■ **WHAT YOU HAVE TO DO**
Copy every line below exactly.

*** RECORDS PROVIDED ***

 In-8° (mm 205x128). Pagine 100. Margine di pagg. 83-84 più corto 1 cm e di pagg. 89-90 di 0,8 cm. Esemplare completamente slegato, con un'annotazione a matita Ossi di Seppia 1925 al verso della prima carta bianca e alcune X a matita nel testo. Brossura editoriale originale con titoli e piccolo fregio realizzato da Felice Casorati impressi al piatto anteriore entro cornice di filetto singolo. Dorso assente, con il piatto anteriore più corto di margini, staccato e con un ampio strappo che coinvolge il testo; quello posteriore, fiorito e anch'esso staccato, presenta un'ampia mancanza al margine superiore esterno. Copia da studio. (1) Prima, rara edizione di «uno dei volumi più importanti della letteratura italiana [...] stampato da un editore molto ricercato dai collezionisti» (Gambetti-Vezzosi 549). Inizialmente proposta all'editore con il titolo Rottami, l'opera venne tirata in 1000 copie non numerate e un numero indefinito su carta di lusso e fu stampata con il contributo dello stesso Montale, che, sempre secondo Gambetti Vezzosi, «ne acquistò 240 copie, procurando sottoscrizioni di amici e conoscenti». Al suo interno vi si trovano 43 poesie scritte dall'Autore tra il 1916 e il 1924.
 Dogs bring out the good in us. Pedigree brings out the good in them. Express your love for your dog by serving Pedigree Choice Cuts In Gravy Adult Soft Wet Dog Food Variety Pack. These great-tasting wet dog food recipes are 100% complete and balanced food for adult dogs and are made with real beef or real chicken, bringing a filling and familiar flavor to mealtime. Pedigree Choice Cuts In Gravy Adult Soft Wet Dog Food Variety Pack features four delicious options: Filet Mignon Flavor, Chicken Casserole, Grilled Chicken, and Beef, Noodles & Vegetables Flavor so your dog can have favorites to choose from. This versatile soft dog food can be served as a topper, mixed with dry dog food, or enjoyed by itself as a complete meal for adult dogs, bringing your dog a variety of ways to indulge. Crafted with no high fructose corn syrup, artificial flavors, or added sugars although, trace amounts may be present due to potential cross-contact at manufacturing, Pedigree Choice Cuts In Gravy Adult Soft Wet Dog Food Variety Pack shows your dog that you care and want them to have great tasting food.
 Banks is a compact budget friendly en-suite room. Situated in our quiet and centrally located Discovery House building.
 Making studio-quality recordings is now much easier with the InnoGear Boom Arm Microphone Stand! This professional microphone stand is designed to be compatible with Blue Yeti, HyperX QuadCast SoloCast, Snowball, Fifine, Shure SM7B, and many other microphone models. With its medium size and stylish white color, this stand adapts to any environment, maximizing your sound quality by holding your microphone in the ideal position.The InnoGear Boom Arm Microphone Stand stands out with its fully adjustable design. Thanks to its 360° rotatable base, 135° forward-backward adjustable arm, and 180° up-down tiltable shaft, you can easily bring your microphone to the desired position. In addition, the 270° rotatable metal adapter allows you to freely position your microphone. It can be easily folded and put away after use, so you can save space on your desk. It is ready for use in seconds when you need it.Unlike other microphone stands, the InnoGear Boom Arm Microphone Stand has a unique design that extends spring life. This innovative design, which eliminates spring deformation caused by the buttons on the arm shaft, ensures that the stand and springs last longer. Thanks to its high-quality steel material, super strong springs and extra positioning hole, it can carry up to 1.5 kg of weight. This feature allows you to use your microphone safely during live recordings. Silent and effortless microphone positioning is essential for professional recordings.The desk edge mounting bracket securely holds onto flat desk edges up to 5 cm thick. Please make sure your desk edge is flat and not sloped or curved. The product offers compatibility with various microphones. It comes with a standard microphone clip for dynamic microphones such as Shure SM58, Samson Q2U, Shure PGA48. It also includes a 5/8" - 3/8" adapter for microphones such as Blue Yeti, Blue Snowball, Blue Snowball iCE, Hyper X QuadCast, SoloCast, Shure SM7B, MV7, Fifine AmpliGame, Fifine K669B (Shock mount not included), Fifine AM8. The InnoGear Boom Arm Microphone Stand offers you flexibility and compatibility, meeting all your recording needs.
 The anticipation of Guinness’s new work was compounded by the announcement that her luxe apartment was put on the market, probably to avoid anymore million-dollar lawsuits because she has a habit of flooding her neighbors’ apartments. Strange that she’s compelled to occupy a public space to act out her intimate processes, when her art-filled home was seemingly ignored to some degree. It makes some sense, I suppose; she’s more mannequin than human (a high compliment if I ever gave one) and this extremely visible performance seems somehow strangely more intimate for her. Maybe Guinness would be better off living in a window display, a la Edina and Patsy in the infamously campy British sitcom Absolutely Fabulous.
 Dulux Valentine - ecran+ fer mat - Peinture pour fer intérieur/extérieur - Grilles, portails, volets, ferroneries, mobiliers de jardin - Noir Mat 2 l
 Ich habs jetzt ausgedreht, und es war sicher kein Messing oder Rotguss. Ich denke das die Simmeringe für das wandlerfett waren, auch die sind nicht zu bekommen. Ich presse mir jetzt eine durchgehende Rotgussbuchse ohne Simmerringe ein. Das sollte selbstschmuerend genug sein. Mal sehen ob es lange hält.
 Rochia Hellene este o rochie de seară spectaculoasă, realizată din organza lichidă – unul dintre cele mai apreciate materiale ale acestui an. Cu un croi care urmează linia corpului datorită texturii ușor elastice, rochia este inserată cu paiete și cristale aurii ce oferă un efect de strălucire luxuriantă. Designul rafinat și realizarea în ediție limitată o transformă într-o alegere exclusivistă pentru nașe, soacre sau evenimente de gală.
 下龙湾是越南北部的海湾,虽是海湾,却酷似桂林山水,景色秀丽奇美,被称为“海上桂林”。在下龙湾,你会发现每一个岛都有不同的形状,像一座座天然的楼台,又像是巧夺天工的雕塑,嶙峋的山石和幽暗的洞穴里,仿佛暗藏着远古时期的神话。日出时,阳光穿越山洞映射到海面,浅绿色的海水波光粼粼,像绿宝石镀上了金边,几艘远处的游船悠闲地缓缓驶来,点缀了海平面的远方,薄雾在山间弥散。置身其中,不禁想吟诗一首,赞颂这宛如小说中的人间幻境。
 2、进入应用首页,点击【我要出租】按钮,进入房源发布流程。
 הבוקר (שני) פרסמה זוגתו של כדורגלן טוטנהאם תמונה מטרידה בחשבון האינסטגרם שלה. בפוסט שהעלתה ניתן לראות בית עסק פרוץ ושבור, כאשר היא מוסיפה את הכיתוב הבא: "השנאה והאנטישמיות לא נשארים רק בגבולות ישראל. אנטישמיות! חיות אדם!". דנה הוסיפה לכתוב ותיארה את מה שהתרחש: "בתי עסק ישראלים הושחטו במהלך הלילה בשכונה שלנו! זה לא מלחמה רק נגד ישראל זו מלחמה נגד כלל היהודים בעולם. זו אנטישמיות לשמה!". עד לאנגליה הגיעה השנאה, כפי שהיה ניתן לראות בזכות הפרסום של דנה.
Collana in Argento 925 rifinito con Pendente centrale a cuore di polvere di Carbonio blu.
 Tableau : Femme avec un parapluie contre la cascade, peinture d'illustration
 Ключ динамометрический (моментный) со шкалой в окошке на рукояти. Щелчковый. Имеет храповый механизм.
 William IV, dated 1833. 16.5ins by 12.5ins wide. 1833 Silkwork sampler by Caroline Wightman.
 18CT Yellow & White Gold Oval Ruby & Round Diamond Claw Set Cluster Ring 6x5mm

*** End of RECORDS PROVIDED ***

■ **TASK RESULT**
 In-8° (mm 205x128). Pagine 100. Margine di pagg. 83-84 più corto 1 cm e di pagg. 89-90 di 0,8 cm. Esemplare completamente slegato, con un'annotazione a matita Ossi di Seppia 1925 al verso della prima carta bianca e alcune X a matita nel testo. Brossura editoriale originale con titoli e piccolo fregio realizzato da Felice Casorati impressi al piatto anteriore entro cornice di filetto singolo. Dorso assente, con il piatto anteriore più corto di margini, staccato e con un ampio strappo che coinvolge il testo; quello posteriore, fiorito e anch'esso staccato, presenta un'ampia mancanza al margine superiore esterno. Copia da studio. (1) Prima, rara edizione di «uno dei volumi più importanti della letteratura italiana [...] stampato da un editore molto ricercato dai collezionisti» (Gambetti-Vezzosi 549). Inizialmente proposta all'editore con il titolo Rottami, l'opera venne tirata in 1000 copie non numerate e un numero indefinito su carta di lusso e fu stampata con il contributo dello stesso Montale, che, sempre secondo Gambetti Vezzosi, «ne acquistò 240 copie, procurando sottoscrizioni di amici e conoscenti». Al suo interno vi si trovano 43 poesie scritte dall'Autore tra il 1916 e il 1924.
 Dogs bring out the good in us. Pedigree brings out the good in them. Express your love for your dog by serving Pedigree Choice Cuts In Gravy Adult Soft Wet Dog Food Variety Pack. These great-tasting wet dog food recipes are 100% complete and balanced food for adult dogs and are made with real beef or real chicken, bringing a filling and familiar flavor to mealtime. Pedigree Choice Cuts In Gravy Adult Soft Wet Dog Food Variety Pack features four delicious options: Filet Mignon Flavor, Chicken Casserole, Grilled Chicken, and Beef, Noodles & Vegetables Flavor so your dog can have favorites to choose from. This versatile soft dog food can be served as a topper, mixed with dry dog food, or enjoyed by itself as a complete meal for adult dogs, bringing your dog a variety of ways to indulge. Crafted with no high fructose corn syrup, artificial flavors, or added sugars although, trace amounts may be present due to potential cross-contact at manufacturing, Pedigree Choice Cuts In Gravy Adult Soft Wet Dog Food Variety Pack shows your dog that you care and want them to have great tasting food.
 Banks is a compact budget friendly en-suite room. Situated in our quiet and centrally located Discovery House building.
 Making studio-quality recordings is now much easier with the InnoGear Boom Arm Microphone Stand! This professional microphone stand is designed to be compatible with Blue Yeti, HyperX QuadCast SoloCast, Snowball, Fifine, Shure SM7B, and many other microphone models. With its medium size and stylish white color, this stand adapts to any environment, maximizing your sound quality by holding your microphone in the ideal position.The InnoGear Boom Arm Microphone Stand stands out with its fully adjustable design. Thanks to its 360° rotatable base, 135° forward-backward adjustable arm, and 180° up-down tiltable shaft, you can easily bring your microphone to the desired position. In addition, the 270° rotatable metal adapter allows you to freely position your microphone. It can be easily folded and put away after use, so you can save space on your desk. It is ready for use in seconds when you need it.Unlike other microphone stands, the InnoGear Boom Arm Microphone Stand has a unique design that extends spring life. This innovative design, which eliminates spring deformation caused by the buttons on the arm shaft, ensures that the stand and springs last longer. Thanks to its high-quality steel material, super strong springs and extra positioning hole, it can carry up to 1.5 kg of weight. This feature allows you to use your microphone safely during live recordings. Silent and effortless microphone positioning is essential for professional recordings.The desk edge mounting bracket securely holds onto flat desk edges up to 5 cm thick. Please make sure your desk edge is flat and not sloped or curved. The product offers compatibility with various microphones. It comes with a standard microphone clip for dynamic microphones such as Shure SM58, Samson Q2U, Shure PGA48. It also includes a 5/8" - 3/8" adapter for microphones such as Blue Yeti, Blue Snowball, Blue Snowball iCE, Hyper X QuadCast, SoloCast, Shure SM7B, MV7, Fifine AmpliGame, Fifine K669B (Shock mount not included), Fifine AM8. The InnoGear Boom Arm Microphone Stand offers you flexibility and compatibility, meeting all your recording needs.
 The anticipation of Guinness’s new work was compounded by the announcement that her luxe apartment was put on the market, probably to avoid anymore million-dollar lawsuits because she has a habit of flooding her neighbors’ apartments. Strange that she’s compelled to occupy a public space to act out her intimate processes, when her art-filled home was seemingly ignored to some degree. It makes some sense, I suppose; she’s more mannequin than human (a high compliment if I ever gave one) and this extremely visible performance seems somehow strangely more intimate for her. Maybe Guinness would be better off living in a window display, a la Edina and Patsy in the infamously campy British sitcom Absolutely Fabulous.
 Dulux Valentine - ecran+ fer mat - Peinture pour fer intérieur/extérieur - Grilles, portails, volets, ferroneries, mobiliers de jardin - Noir Mat 2 l
 Ich habs jetzt ausgedreht, und es war sicher kein Messing oder Rotguss. Ich denke das die Simmeringe für das wandlerfett waren, auch die sind nicht zu bekommen. Ich presse mir jetzt eine durchgehende Rotgussbuchse ohne Simmerringe ein. Das sollte selbstschmuerend genug sein. Mal sehen ob es lange hält.
 Rochia Hellene este o rochie de seară spectaculoasă, realizată din organza lichidă – unul dintre cele mai apreciate materiale ale acestui an. Cu un croi care urmează linia corpului datorită texturii ușor elastice, rochia este inserată cu paiete și cristale aurii ce oferă un efect de strălucire luxuriantă. Designul rafinat și realizarea în ediție limitată o transformă într-o alegere exclusivistă pentru nașe, soacre sau evenimente de gală.
 下龙湾是越南北部的海湾,虽是海湾,却酷似桂林山水,景色秀丽奇美,被称为“海上桂林”。在下龙湾,你会发现每一个岛都有不同的形状,像一座座天然的楼台,又像是巧夺天工的雕塑,嶙峋的山石和幽暗的洞穴里,仿佛暗藏着远古时期的神话。日出时,阳光穿越山洞映射到海面,浅绿色的海水波光粼粼,像绿宝石镀上了金边,几艘远处的游船悠闲地缓缓驶来,点缀了海平面的远方,薄雾在山间弥散。置身其中,不禁想吟诗一首,赞颂这宛如小说中的人间幻境。
 2、进入应用首页,点击【我要出租】按钮,进入房源发布流程。
 הבוקר (שני) פרסמה זוגתו של כדורגלן טוטנהאם תמונה מטרידה בחשבון האינסטגרם שלה. בפוסט שהעלתה ניתן לראות בית עסק פרוץ ושבור, כאשר היא מוסיפה את הכיתוב הבא: "השנאה והאנטישמיות לא נשארים רק בגבולות ישראל. אנטישמיות! חיות אדם!". דנה הוסיפה לכתוב ותיארה את מה שהתרחש: "בתי עסק ישראלים הושחטו במהלך הלילה בשכונה שלנו! זה לא מלחמה רק נגד ישראל זו מלחמה נגד כלל היהודים בעולם. זו אנטישמיות לשמה!". עד לאנגליה הגיעה השנאה, כפי שהיה ניתן לראות בזכות הפרסום של דנה.
Collana in Argento 925 rifinito con Pendente centrale a cuore di polvere di Carbonio blu.
 Tableau : Femme avec un parapluie contre la cascade, peinture d'illustration
 Ключ динамометрический (моментный) со шкалой в окошке на рукояти. Щелчковый. Имеет храповый механизм.
 William IV, dated 1833. 16.5ins by 12.5ins wide. 1833 Silkwork sampler by Caroline Wightman.
 18CT Yellow & White Gold Oval Ruby & Round Diamond Claw Set Cluster Ring 6x5mm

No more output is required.